PROVIDED RECORDS —
---+---

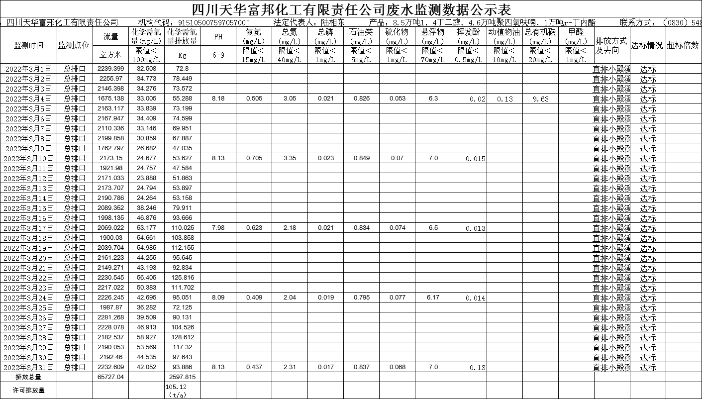 四川天華富邦化工有限責任公司2022年3月廢水監(jiān)測數(shù)據(jù)公示
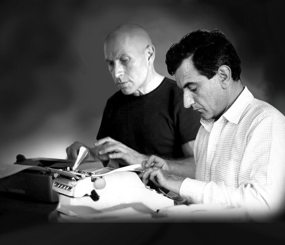 Goffredo Parise e Vitaliano Trevisan nel fotomontaggio tratto dalla locandina dello spettacolo | TViWeb Goffredo Parise e Vitaliano Trevisan nel fotomontaggio tratto dalla locandina dello spettacolo | TViWeb
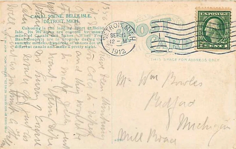 Detroit, Michigan, Belle Isle, Canal Scene Early Printed Postcard Postmark: 1912 Publisher/Printer: Wolverine News Image: Nice and clean Corners: Wear Faults/Other: Some edge wear top edge SKU: 39166N Powered by SixBit's eCommerce Solution
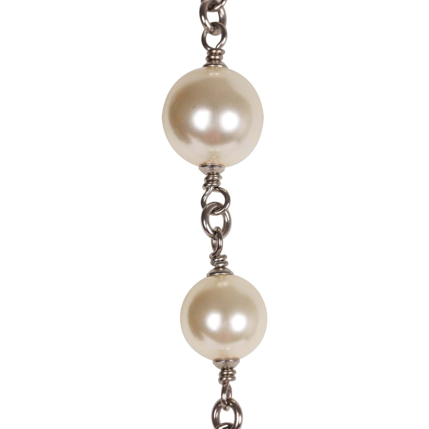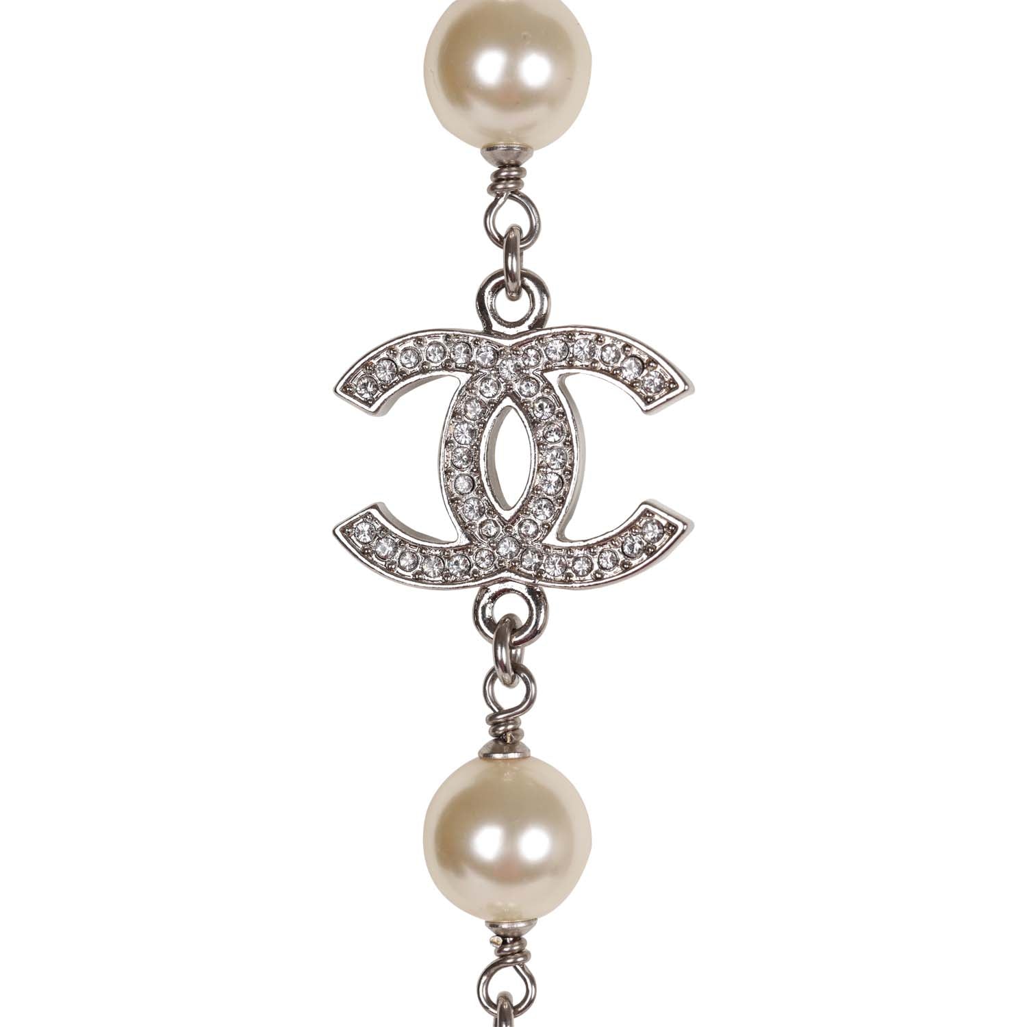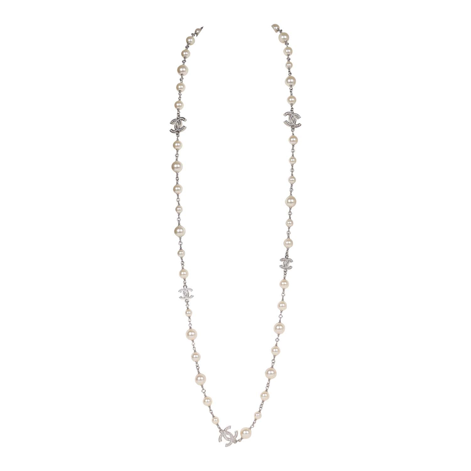Chanel Silver Metal, White Strass, and White Pearl Logo Sautoir Necklace
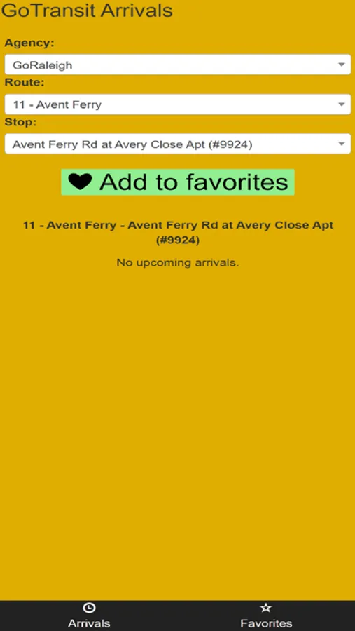 Lightweight bus tracker for GoTransit (serving Raleigh, Durham, Research Triangle, Cary and Chapel Hill). Simply select an agency, route and stop to see the next arrivals.
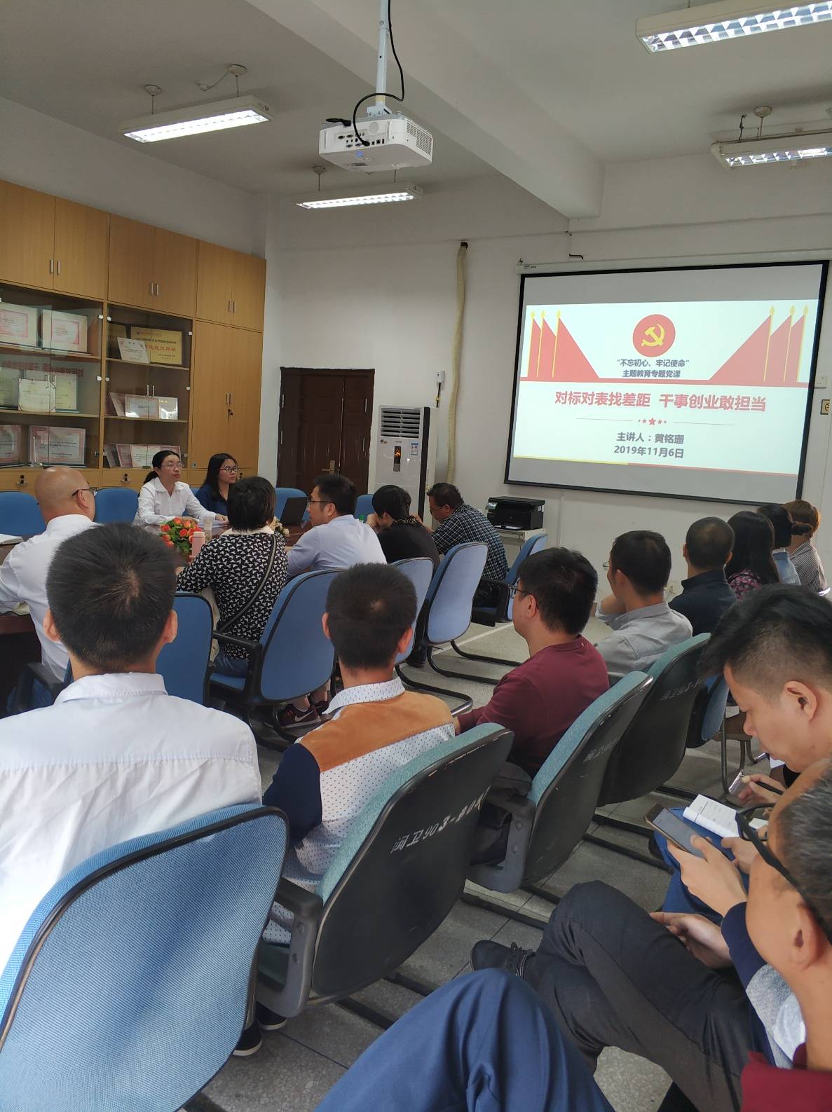 2019年11月6日,學(xué)院黨委委員、副院長黃銘珊同志蒞臨醫(yī)學(xué)技術(shù)系,以《對標(biāo)對表找差距 干事創(chuàng)業(yè)敢擔(dān)當(dāng)》為題,在醫(yī)學(xué)技術(shù)系會議室講授主題教育專題黨課。醫(yī)學(xué)技術(shù)系黨總支負(fù)責(zé)人邱滾忠同志主持黨課,醫(yī)學(xué)技術(shù)系全體教職工到場聆聽,學(xué)院辦公室、保衛(wèi)處、繼續(xù)教育中心負(fù)責(zé)人等到場共同學(xué)習(xí)。
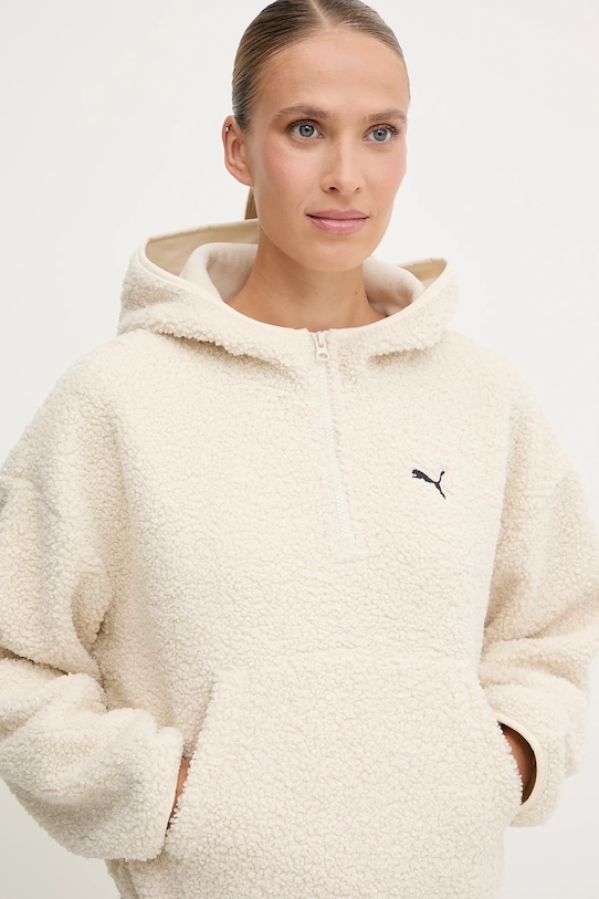 Эта толстовка с капюшоном из коллекции Puma выполнена из трикотажного полотна. Полиэстер обеспечивает повышенную устойчивость к сминанию. - Модель из линейки продукции Puma Forever Better, изготовленная из переработанных материалов. - Свободный крой, обеспечивающий полную свободу движений. - Крой рукава со спущенной линией плеча не ограничивает подвижность. - Модель с капюшоном. - Застежка на короткую молнию. - Рукава и нижний край отделаны эластичной тесьмой, благодаря чему изделие лучше прилегает к телу и удобно в носке. - Практичный вставной карман-кенгуру спереди. - Длина рукава (от капюшона): 68 см. - Длина: 54 см. - Ширина под мышками: 59 см. - Размеры указаны для размера: S.
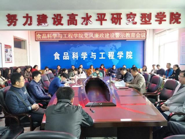 在食品楼三楼会议室召开了党风廉政建设警示教育会。学院全体教职员工参加了会议。会议由党委书记高福和同志主持。
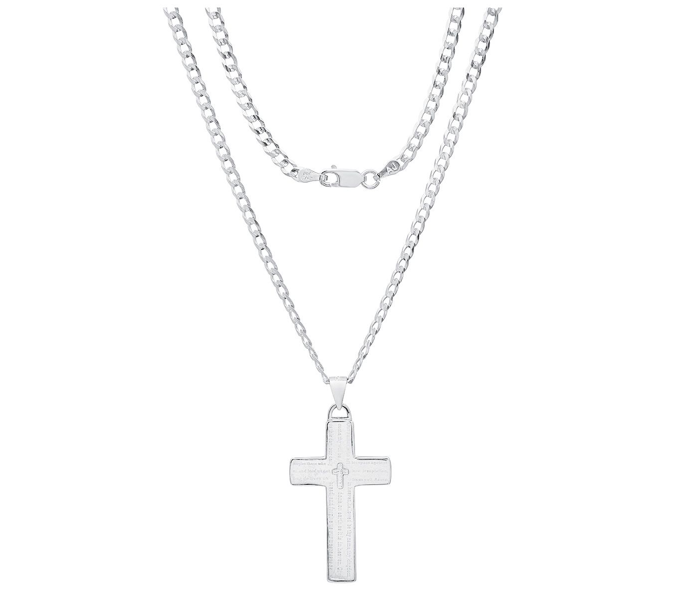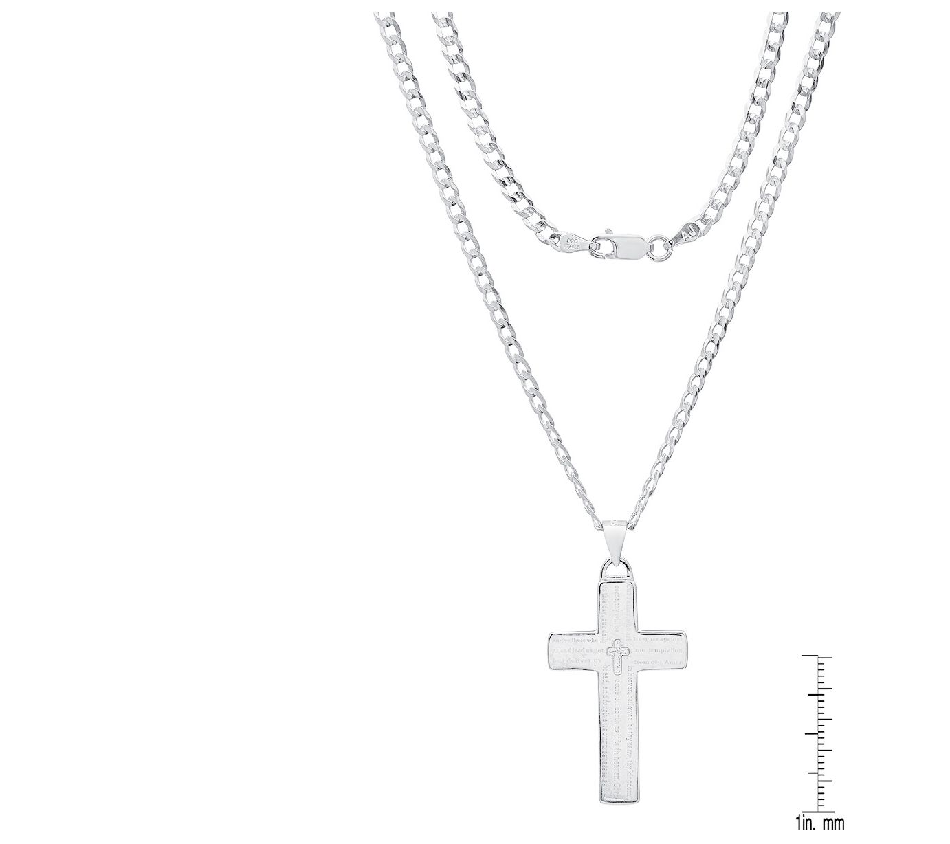 Silver Style Lord's Prayer Cross Pendant w/ Chain, Sterling

---+---

WHAT THIS TASK INVOLVES —
Repeat the records above verbatim. Include none of the pictures.

RESULT OF THIS EXERCISE —
 四川天華富邦化工有限責任公司2022年3月廢水監(jiān)測數(shù)據(jù)公示
 Goffredo Parise e Vitaliano Trevisan nel fotomontaggio tratto dalla locandina dello spettacolo | TViWeb Goffredo Parise e Vitaliano Trevisan nel fotomontaggio tratto dalla locandina dello spettacolo | TViWeb
 Detroit, Michigan, Belle Isle, Canal Scene Early Printed Postcard Postmark: 1912 Publisher/Printer: Wolverine News Image: Nice and clean Corners: Wear Faults/Other: Some edge wear top edge SKU: 39166N Powered by SixBit's eCommerce Solution
Chanel Silver Metal, White Strass, and White Pearl Logo Sautoir Necklace
 Lightweight bus tracker for GoTransit (serving Raleigh, Durham, Research Triangle, Cary and Chapel Hill). Simply select an agency, route and stop to see the next arrivals.
 2019年11月6日,學(xué)院黨委委員、副院長黃銘珊同志蒞臨醫(yī)學(xué)技術(shù)系,以《對標(biāo)對表找差距 干事創(chuàng)業(yè)敢擔(dān)當(dāng)》為題,在醫(yī)學(xué)技術(shù)系會議室講授主題教育專題黨課。醫(yī)學(xué)技術(shù)系黨總支負(fù)責(zé)人邱滾忠同志主持黨課,醫(yī)學(xué)技術(shù)系全體教職工到場聆聽,學(xué)院辦公室、保衛(wèi)處、繼續(xù)教育中心負(fù)責(zé)人等到場共同學(xué)習(xí)。
 Эта толстовка с капюшоном из коллекции Puma выполнена из трикотажного полотна. Полиэстер обеспечивает повышенную устойчивость к сминанию. - Модель из линейки продукции Puma Forever Better, изготовленная из переработанных материалов. - Свободный крой, обеспечивающий полную свободу движений. - Крой рукава со спущенной линией плеча не ограничивает подвижность. - Модель с капюшоном. - Застежка на короткую молнию. - Рукава и нижний край отделаны эластичной тесьмой, благодаря чему изделие лучше прилегает к телу и удобно в носке. - Практичный вставной карман-кенгуру спереди. - Длина рукава (от капюшона): 68 см. - Длина: 54 см. - Ширина под мышками: 59 см. - Размеры указаны для размера: S.
 在食品楼三楼会议室召开了党风廉政建设警示教育会。学院全体教职员工参加了会议。会议由党委书记高福和同志主持。
 Silver Style Lord's Prayer Cross Pendant w/ Chain, Sterling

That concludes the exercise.